「オーデュポンの祈り」/伊坂幸太郎

久しぶりの小説をレビュー。

伊坂幸太郎という人は、純文学的感覚とエンターテイメントのバランスがとても良くて。いつもエンターテイメントが強いのに、どこか苦味というか、後味が残るところが気に入ってます。でもだいたい話が面白すぎというかうますぎて、結局そっちの驚きが物語の感想を支配してしまうところが、自分的にはマイナスでした。いやそれって面白い小説ってことだから、普通マイナスにはならないんだけど。

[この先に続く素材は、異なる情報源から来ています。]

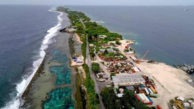 MARSHALL ISLANDS - 3.18.2024 - Excellent aerial footage moving along an industrial port in the Marshall Islands.

でもこの作品は良かった。そしてこれがデビュー作と聞いて驚き。物語の妙がありながら、心に残るのは、不思議な世界の不思議な人たちの感情。その細かな感情の描写と、スケールの大きな話が同居してるのが見事。その不思議な世界も、どこか僕らの住んでいるこの世界をデフォルメしたところもあり、普通はありえない設定なのに、なぜか心にストンと落ちる。これがスタートとは恐れ入るなぁ。

この人の作品は三分の二くらいは読んでいるはずですが、僕はこの作品と、「死神の精度」が好きかな。まあ全部読みたい作家さんですね。新しい作品をすぐ読みたい!とかではないけれど。